== Exercise objective ==
Each line below that contains the word "didakwa" must be copied.

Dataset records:
--- START ---

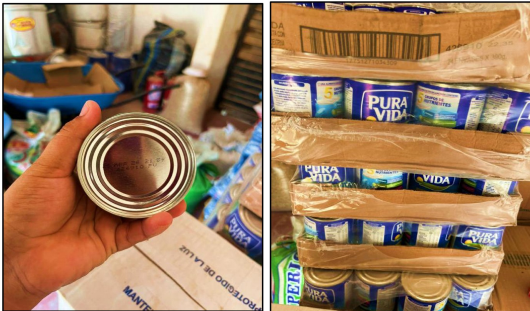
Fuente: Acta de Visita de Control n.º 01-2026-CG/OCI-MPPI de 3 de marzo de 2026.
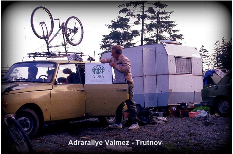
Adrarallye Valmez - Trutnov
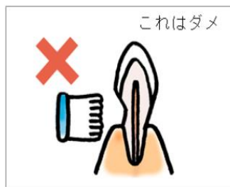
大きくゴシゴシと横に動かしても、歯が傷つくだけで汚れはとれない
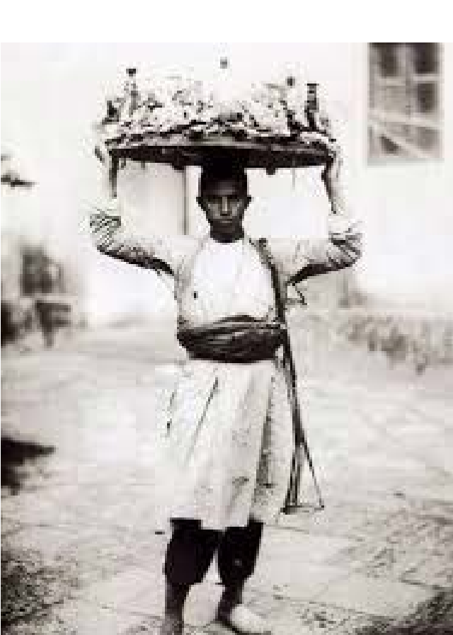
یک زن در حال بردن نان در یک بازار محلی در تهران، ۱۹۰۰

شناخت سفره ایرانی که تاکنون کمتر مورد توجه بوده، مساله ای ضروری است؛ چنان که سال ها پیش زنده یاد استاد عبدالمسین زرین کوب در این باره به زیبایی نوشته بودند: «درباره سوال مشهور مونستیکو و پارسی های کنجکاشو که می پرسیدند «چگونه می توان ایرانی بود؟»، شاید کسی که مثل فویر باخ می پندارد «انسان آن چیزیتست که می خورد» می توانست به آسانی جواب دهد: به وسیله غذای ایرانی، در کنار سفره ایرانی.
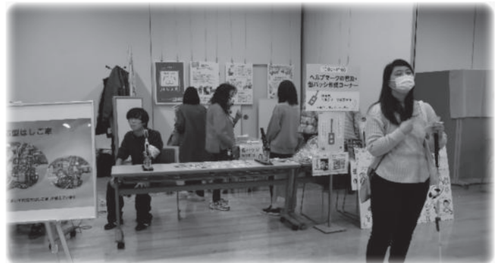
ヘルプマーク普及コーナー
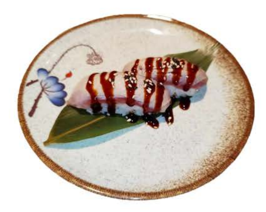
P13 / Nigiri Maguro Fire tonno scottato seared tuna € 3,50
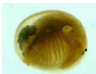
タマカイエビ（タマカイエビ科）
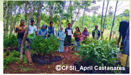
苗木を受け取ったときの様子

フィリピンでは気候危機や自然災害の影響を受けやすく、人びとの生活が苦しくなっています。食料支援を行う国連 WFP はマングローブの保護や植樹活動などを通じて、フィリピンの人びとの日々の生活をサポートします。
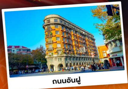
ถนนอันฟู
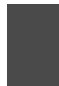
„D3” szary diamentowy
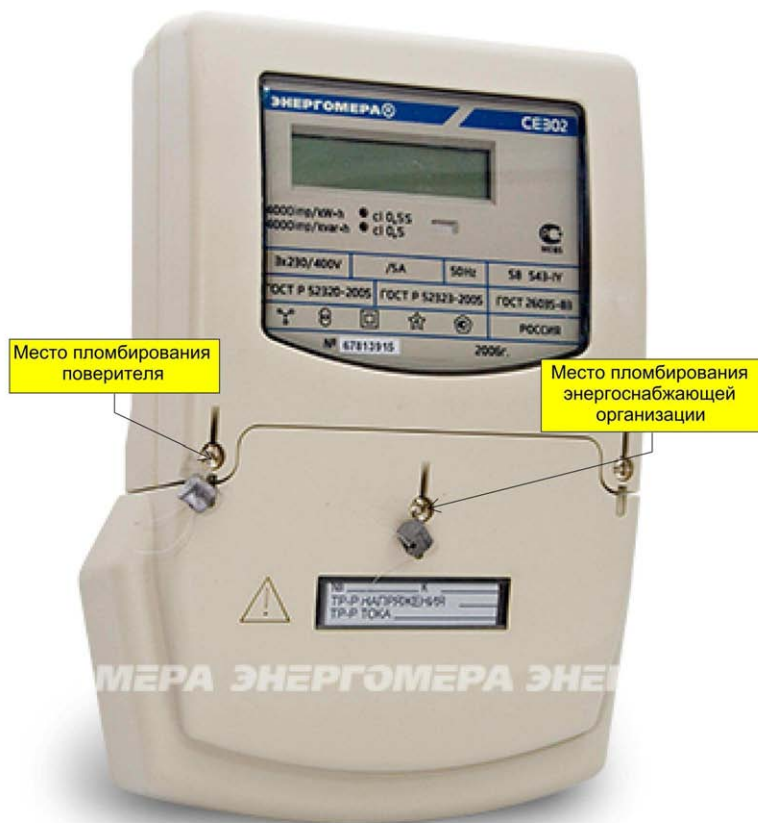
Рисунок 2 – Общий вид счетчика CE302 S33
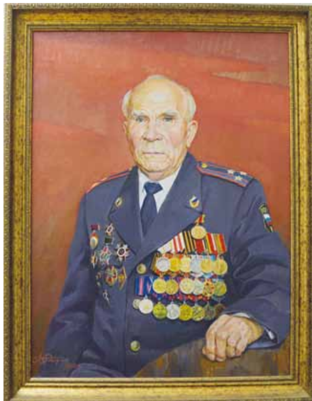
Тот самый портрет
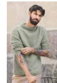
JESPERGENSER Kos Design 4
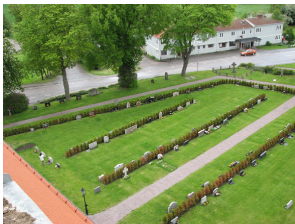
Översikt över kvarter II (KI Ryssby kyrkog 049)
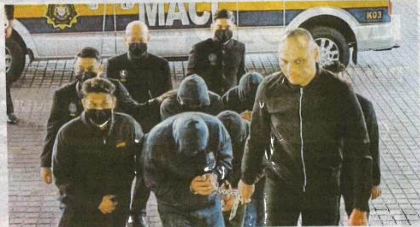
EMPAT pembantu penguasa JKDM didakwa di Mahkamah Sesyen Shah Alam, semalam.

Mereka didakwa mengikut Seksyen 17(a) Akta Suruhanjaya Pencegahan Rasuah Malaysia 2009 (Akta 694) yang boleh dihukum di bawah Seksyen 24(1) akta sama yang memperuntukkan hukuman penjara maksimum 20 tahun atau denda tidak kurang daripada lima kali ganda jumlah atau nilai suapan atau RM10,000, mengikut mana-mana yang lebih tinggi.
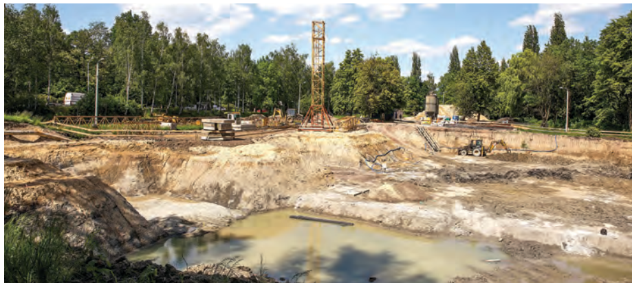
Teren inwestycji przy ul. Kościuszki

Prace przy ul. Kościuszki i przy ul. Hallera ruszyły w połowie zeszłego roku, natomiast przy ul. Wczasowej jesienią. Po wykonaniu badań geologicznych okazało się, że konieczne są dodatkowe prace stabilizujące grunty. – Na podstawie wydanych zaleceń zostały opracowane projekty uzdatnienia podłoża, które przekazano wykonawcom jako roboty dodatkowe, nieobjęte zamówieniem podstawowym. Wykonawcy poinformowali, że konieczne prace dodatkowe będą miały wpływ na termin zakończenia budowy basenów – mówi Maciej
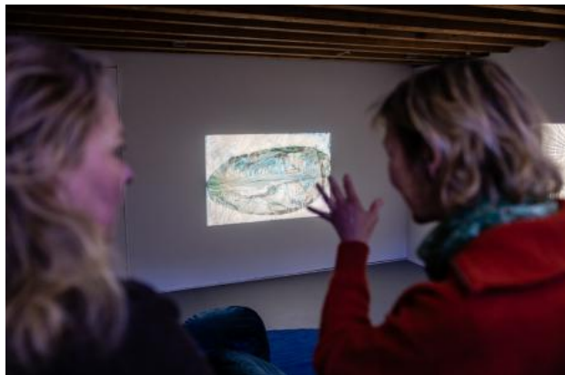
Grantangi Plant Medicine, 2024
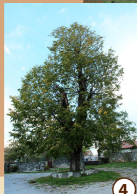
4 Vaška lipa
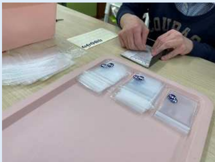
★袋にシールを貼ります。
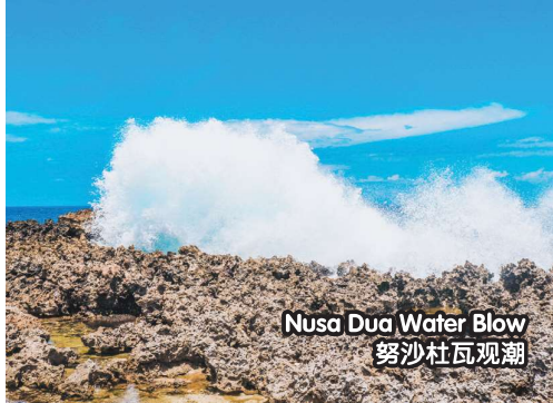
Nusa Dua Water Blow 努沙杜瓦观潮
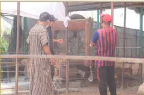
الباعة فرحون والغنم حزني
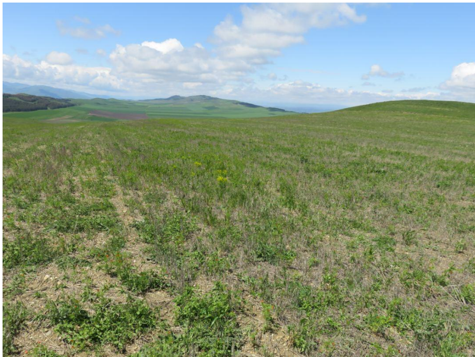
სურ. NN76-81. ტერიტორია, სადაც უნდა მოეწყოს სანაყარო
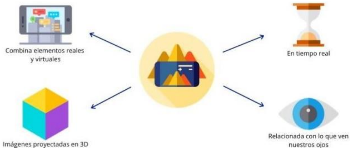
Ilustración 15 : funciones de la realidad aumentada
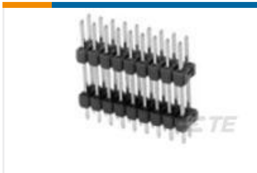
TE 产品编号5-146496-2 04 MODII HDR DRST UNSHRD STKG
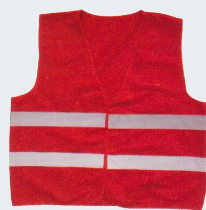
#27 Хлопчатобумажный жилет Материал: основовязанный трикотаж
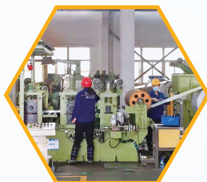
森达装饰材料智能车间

--- END ---
--- START ---

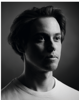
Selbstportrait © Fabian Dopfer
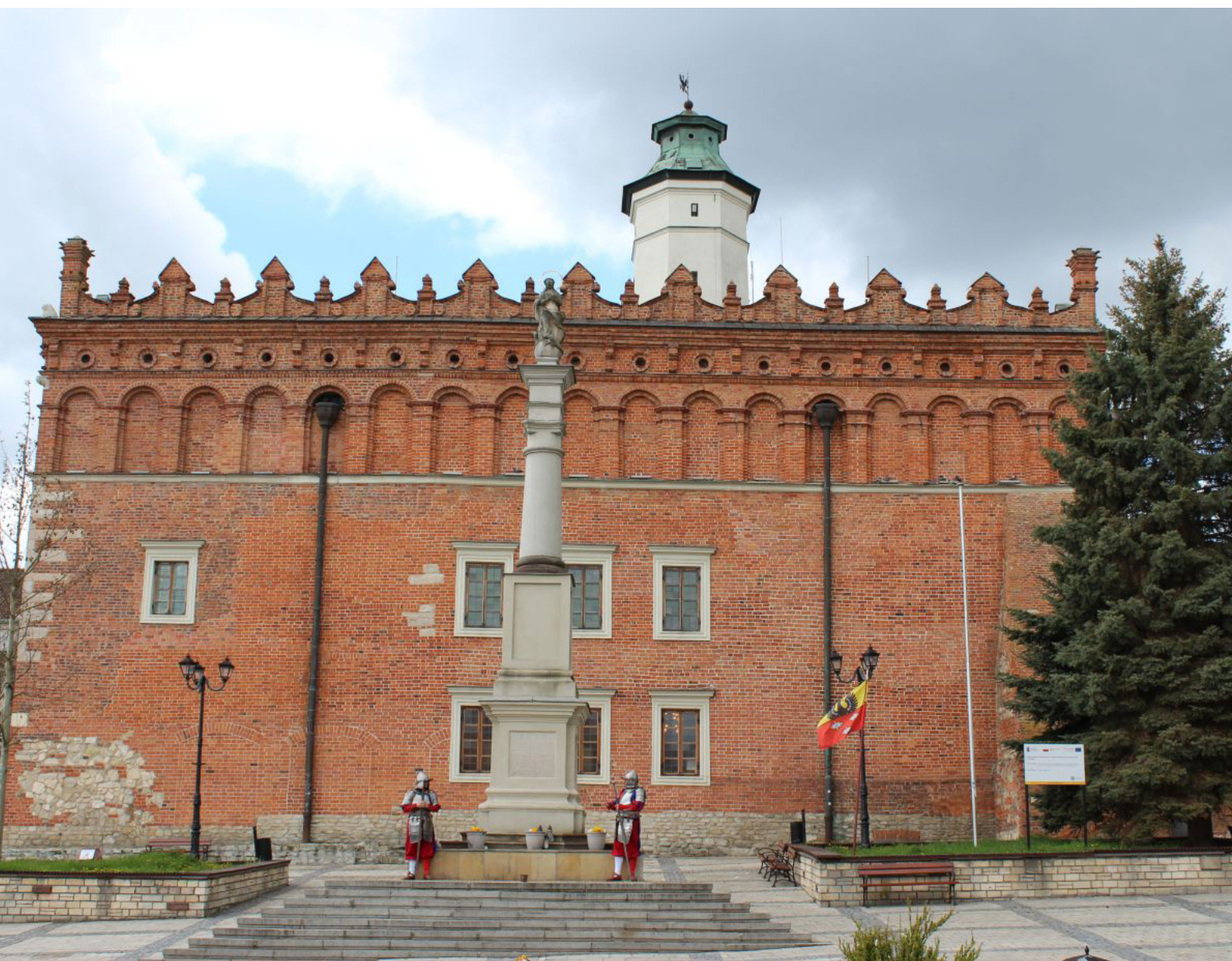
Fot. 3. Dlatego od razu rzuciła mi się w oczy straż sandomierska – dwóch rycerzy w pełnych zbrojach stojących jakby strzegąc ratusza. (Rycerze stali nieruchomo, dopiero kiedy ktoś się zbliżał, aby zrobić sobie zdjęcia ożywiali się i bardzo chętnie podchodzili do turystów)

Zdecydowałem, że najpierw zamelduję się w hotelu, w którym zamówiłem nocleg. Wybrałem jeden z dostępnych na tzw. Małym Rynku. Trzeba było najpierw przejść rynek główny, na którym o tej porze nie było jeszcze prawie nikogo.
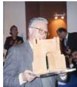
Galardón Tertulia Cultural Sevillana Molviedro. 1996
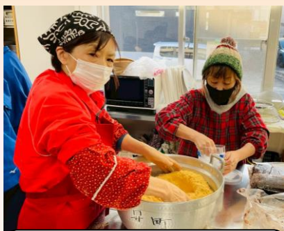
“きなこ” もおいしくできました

--- END ---

== Written response ==
EMPAT pembantu penguasa JKDM didakwa di Mahkamah Sesyen Shah Alam, semalam.
Mereka didakwa mengikut Seksyen 17(a) Akta Suruhanjaya Pencegahan Rasuah Malaysia 2009 (Akta 694) yang boleh dihukum di bawah Seksyen 24(1) akta sama yang memperuntukkan hukuman penjara maksimum 20 tahun atau denda tidak kurang daripada lima kali ganda jumlah atau nilai suapan atau RM10,000, mengikut mana-mana yang lebih tinggi.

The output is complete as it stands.